Pertanto, occorre individuare quel complesso di regole che permette agli interessati di attivare la tutela post-mortale della identità digitale del defunto.

Difatti, manca allo stato attuale una disciplina organica e unitaria e la soluzione offerta in via dottrinale e giurisprudenziale appare del tutto casistica, ossia modellata sulla base del supporto che conserva i dati.

Pertanto, nel caso di dati conservati su un supporto fisico, come le chiavi USB, CD, la dottrina ritiene che se il defunto aveva su di essi un diritto reale o il possesso, allora questa posizione giuridica si trasmette agli eredi seguendo le regole ordinarie della successione. Nell’ipotesi in cui il contenuto dei file abbia natura strettamente personale, alla luce della dottrina tradizionale che esclude la trasmissibilità dei diritti della personalità, si dovrebbe escludere la devoluzione agli eredi per via ereditaria. Questo però non significa che gli eredi interessati non possano in alcun modo avere tutela: la discplina applicabile, in questo caso, sarebbe l’art.93 della legge sul diritto d’autore, applicabile in via analogica[4].

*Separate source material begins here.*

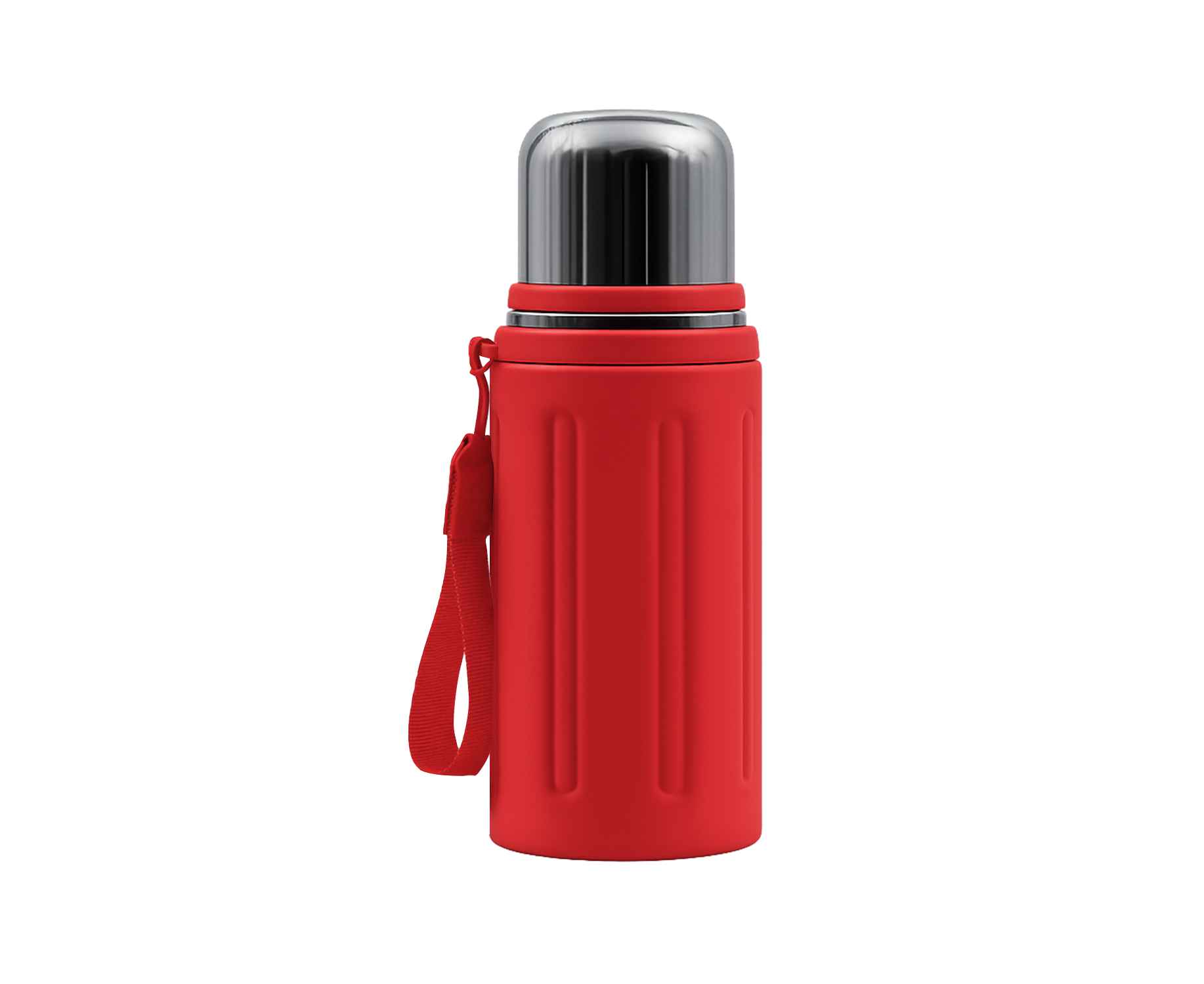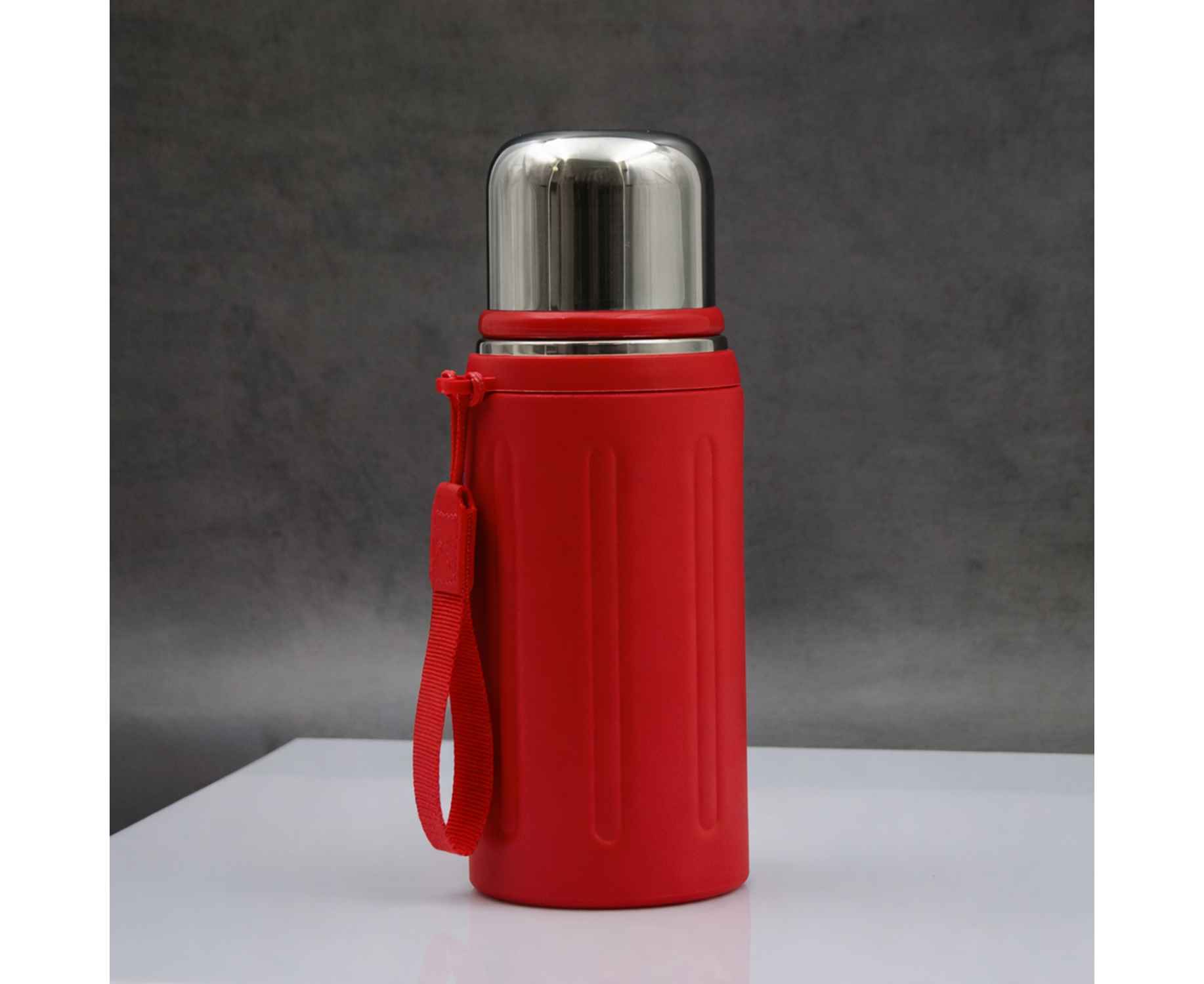 Съемный ремешок термоса сделает переноску удобной и комфортной.
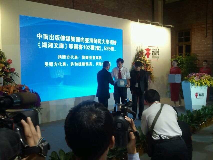 9月18日,“2013湖南兩岸文化創意產業合作周”在臺北華山文創園區開幕。在開幕式上,中南傳媒董事長龔曙光作為捐贈代表向臺灣師范大學捐贈了包括《湖湘文庫》在內的102種湘版圖書,共計539冊,此次捐贈有利于加深臺灣大學生及民眾對湖湘文化的了解和學習。

Nel diverso caso in cui siano coinvolti diritti di proprietà intellettuale (siti web, blog, account youtuber o instagram) essi dovrebbero essere considerati come prodotto della creatività. Ad essi si applicherebbero le regole del diritto d’autore o addirittura le regole sancite nel codice della proprietà industriale. Inoltre, qualora tali beni abbiano un carattere patrimoniale, allora sarebbero comunque soggetti alle regole civilistiche della successione[5].

In relazione a tutti quei beni inseriti su internet (al profilo facebook, yahoo, instagram, o certi avatar delle piattaforme digitali come second life o the sims), si osserva che detti “beni” sono spesso privi di un vero e proprio contenuto patrimoniale. Pertanto, si ritiene che essi siano regolati dalla normativa contrattuale vigente tra il defunto e il gestore della piattaforma.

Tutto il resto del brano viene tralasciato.